Środa (15.09) będzie ostatnim w tym tygodniu tak słonecznym dniem. Przez większą część dnia nigdzie nie spodziewamy się opadów. Po południu na zachodzie kraju zacznie się chmurzyć, a pod wieczór padać, co będzie oznaką nadciągających większych zmian w pogodzie.
Temperatura maksymalna wyniesie od 18 stopni na Suwalszczyźnie przez 23-25 stopni na większym obszarze do 27 stopni na Dolnym Śląsku. Wiatr z kierunku południowego i południowo-wschodniego będzie wiać słabo, najwyżej umiarkowanie.
Ciśnienie będzie lekko podwyższone i będzie spadać. Barometry pokażą w samo południe od 1014 hPa na zachodnim Pomorzu do 1019 hPa na Podlasiu. Biomet pozostanie korzystny dla naszego samopoczucia.
Noc ze środy na czwartek (15/16.09) przyniesie nam front atmosferyczny, a wraz z nim deszcze wędrujące z zachodu na wschód kraju. Sprowadzą one, najpierw do północno-zachodnich regionów, chłodniejsze powietrze polarno-morskie.
Czwartek (16.09) w większości regionów minie pod znakiem przeważającego zachmurzenia i opadów deszczu, a miejscami także słabych burz. Tylko na wschodzie padać nie powinno, ale zacznie się chmurzyć. Najmocniej padać będzie na Pomorzu, Warmii, Mazurach i Podlasiu, gdzie spadnie nawet do 20-30 mm deszczu.
To będzie ostatni tak ciepły dzień w tym roku, z temperaturą przekraczającą miejscami 25 stopni. Na większym obszarze odnotujemy od 20 do 24 stopni, a na bardzo deszczowej północy zaledwie 17 stopni.
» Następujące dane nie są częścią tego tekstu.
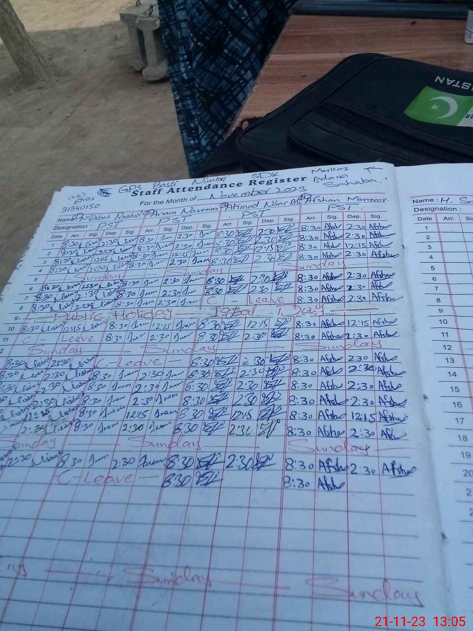 | CNIC | Full Name | Designation | R/C | Absence During Last Calender Month |

W piątek (17.09) obudzimy się w zupełnie innej, jesiennej rzeczywistości pogodowej, ponieważ za oknem ujrzymy ponure krajobrazy, deszcze i niską temperaturę nie wyższą niż od 13 do 19 stopni. Kolejnych wiele dni już poniżej 20 stopni, przeważnie w okolicach 15 stopni, z chmurzącym się niebem i opadami.